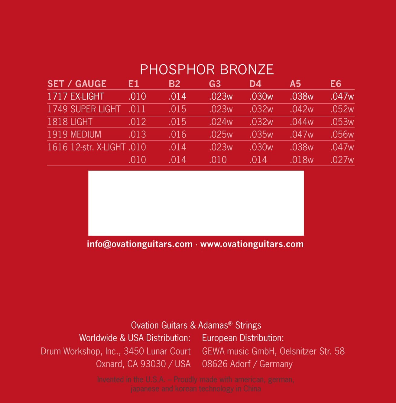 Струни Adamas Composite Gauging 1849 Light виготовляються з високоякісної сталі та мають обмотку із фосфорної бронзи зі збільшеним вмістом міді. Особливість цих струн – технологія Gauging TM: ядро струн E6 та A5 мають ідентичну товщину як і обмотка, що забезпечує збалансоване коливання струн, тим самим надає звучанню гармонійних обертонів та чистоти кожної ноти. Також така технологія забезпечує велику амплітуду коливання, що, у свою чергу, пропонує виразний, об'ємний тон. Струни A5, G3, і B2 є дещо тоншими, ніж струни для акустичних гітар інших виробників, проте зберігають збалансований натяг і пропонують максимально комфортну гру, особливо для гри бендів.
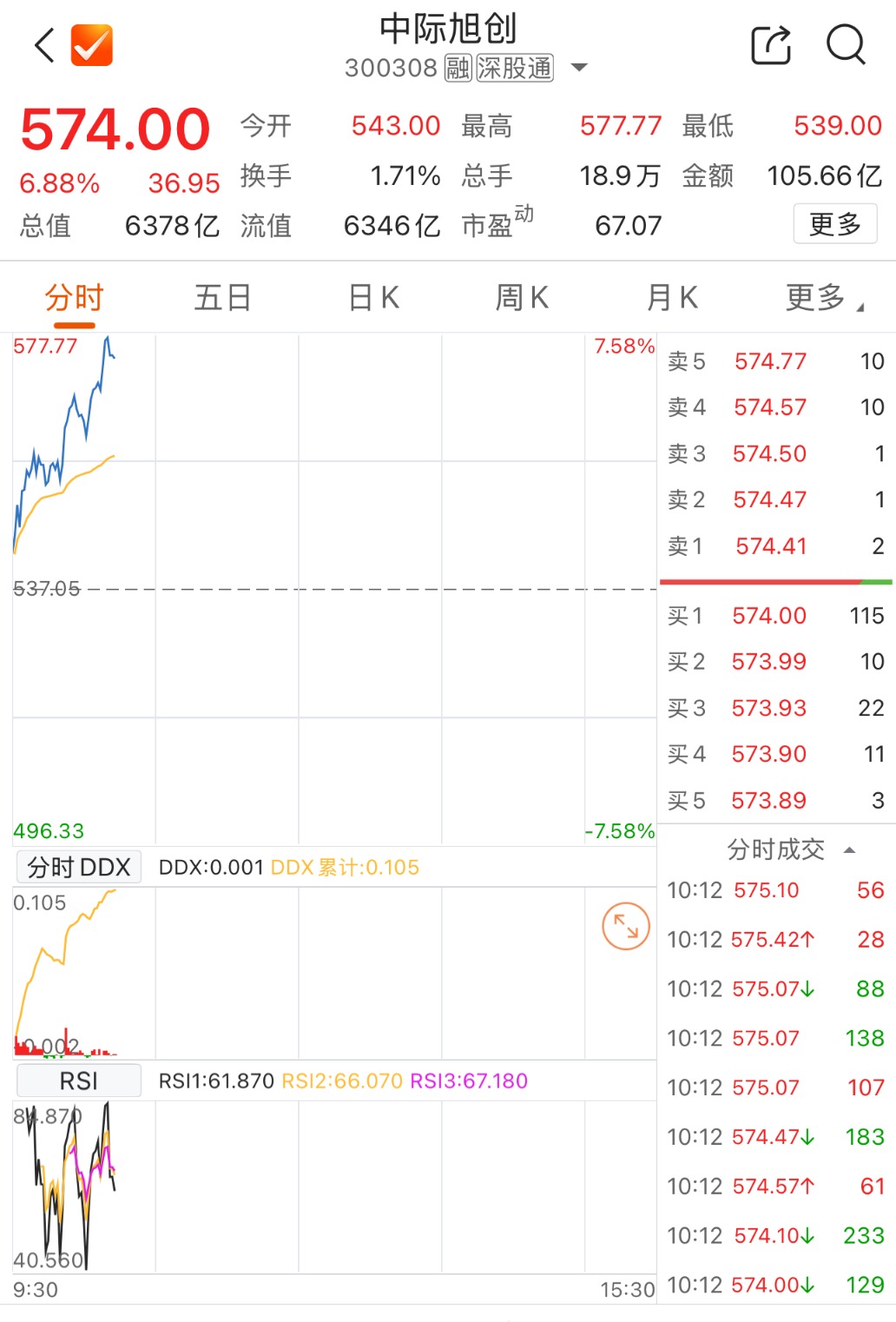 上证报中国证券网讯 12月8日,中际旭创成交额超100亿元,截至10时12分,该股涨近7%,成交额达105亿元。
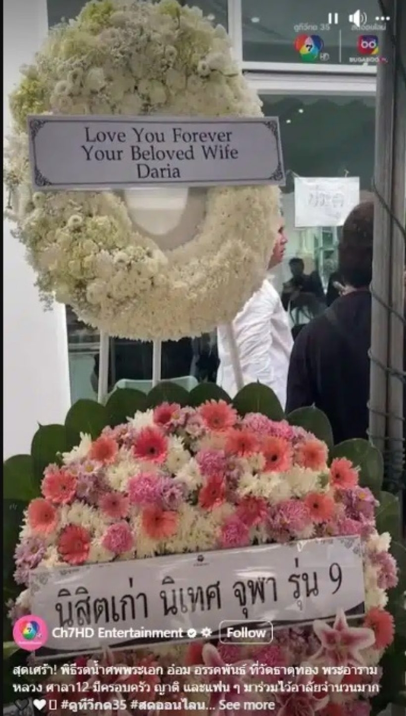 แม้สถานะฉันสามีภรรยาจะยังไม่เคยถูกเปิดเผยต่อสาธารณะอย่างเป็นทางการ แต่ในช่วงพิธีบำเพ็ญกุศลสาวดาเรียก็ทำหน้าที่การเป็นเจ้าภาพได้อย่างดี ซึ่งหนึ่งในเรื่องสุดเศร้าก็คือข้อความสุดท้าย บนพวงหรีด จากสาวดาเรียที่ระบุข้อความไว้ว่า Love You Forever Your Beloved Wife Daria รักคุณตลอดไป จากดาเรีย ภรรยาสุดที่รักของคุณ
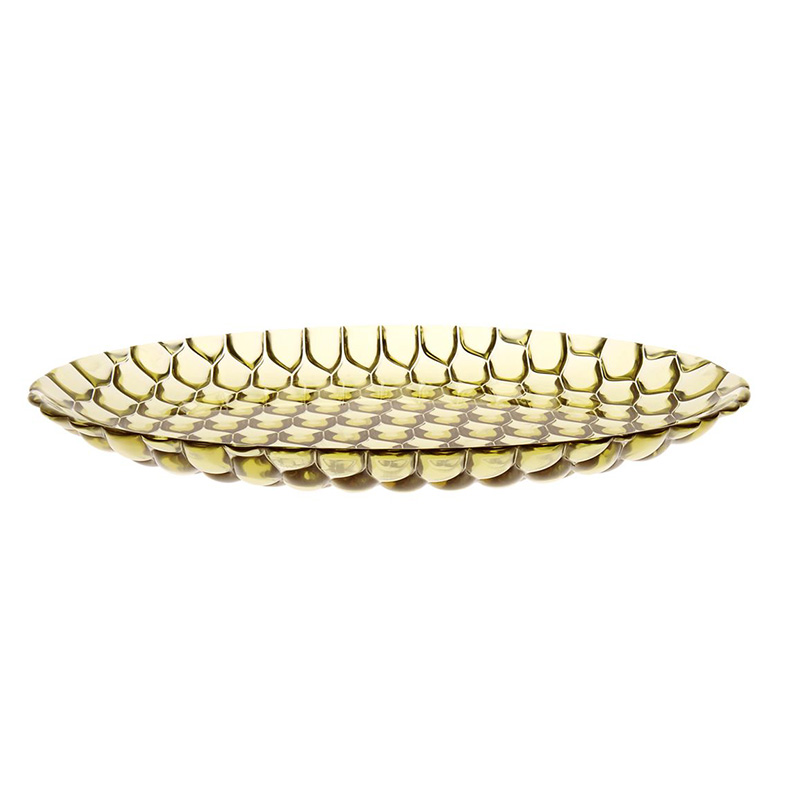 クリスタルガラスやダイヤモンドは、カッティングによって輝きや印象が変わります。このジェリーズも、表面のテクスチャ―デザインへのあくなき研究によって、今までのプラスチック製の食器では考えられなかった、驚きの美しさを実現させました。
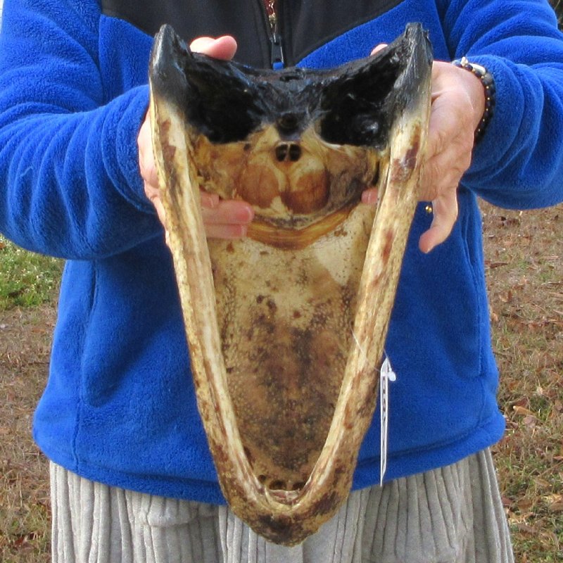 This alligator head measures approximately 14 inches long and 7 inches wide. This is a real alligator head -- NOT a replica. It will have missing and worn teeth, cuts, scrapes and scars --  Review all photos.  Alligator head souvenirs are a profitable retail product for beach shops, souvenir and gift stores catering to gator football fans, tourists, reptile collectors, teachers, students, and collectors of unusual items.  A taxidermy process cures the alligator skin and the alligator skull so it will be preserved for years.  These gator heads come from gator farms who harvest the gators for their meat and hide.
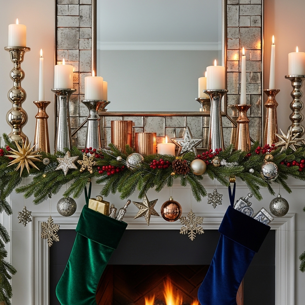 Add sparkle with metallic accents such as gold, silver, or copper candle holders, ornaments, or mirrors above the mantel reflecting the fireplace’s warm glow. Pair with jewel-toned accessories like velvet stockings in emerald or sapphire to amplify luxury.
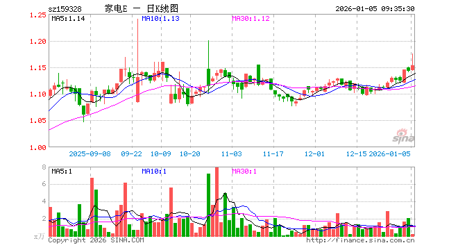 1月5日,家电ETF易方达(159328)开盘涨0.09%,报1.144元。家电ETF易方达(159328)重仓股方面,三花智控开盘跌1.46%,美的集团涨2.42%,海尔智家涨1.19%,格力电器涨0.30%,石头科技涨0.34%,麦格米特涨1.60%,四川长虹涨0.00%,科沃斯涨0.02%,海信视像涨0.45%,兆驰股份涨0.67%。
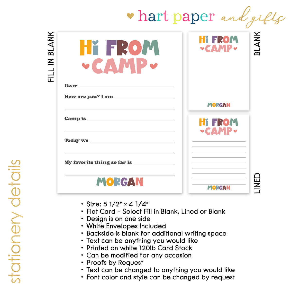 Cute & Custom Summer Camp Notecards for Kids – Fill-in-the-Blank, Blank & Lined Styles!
-------
* Your assignment
The required output is the line containing "上证报中国证券网讯 12月8" plus every line after it to the end of the data, copied exactly and with no pictures.

* Task solution
 上证报中国证券网讯 12月8日,中际旭创成交额超100亿元,截至10时12分,该股涨近7%,成交额达105亿元。
 แม้สถานะฉันสามีภรรยาจะยังไม่เคยถูกเปิดเผยต่อสาธารณะอย่างเป็นทางการ แต่ในช่วงพิธีบำเพ็ญกุศลสาวดาเรียก็ทำหน้าที่การเป็นเจ้าภาพได้อย่างดี ซึ่งหนึ่งในเรื่องสุดเศร้าก็คือข้อความสุดท้าย บนพวงหรีด จากสาวดาเรียที่ระบุข้อความไว้ว่า Love You Forever Your Beloved Wife Daria รักคุณตลอดไป จากดาเรีย ภรรยาสุดที่รักของคุณ
 クリスタルガラスやダイヤモンドは、カッティングによって輝きや印象が変わります。このジェリーズも、表面のテクスチャ―デザインへのあくなき研究によって、今までのプラスチック製の食器では考えられなかった、驚きの美しさを実現させました。
 This alligator head measures approximately 14 inches long and 7 inches wide. This is a real alligator head -- NOT a replica. It will have missing and worn teeth, cuts, scrapes and scars --  Review all photos.  Alligator head souvenirs are a profitable retail product for beach shops, souvenir and gift stores catering to gator football fans, tourists, reptile collectors, teachers, students, and collectors of unusual items.  A taxidermy process cures the alligator skin and the alligator skull so it will be preserved for years.  These gator heads come from gator farms who harvest the gators for their meat and hide.
 Add sparkle with metallic accents such as gold, silver, or copper candle holders, ornaments, or mirrors above the mantel reflecting the fireplace’s warm glow. Pair with jewel-toned accessories like velvet stockings in emerald or sapphire to amplify luxury.
 1月5日,家电ETF易方达(159328)开盘涨0.09%,报1.144元。家电ETF易方达(159328)重仓股方面,三花智控开盘跌1.46%,美的集团涨2.42%,海尔智家涨1.19%,格力电器涨0.30%,石头科技涨0.34%,麦格米特涨1.60%,四川长虹涨0.00%,科沃斯涨0.02%,海信视像涨0.45%,兆驰股份涨0.67%。
 Cute & Custom Summer Camp Notecards for Kids – Fill-in-the-Blank, Blank & Lined Styles!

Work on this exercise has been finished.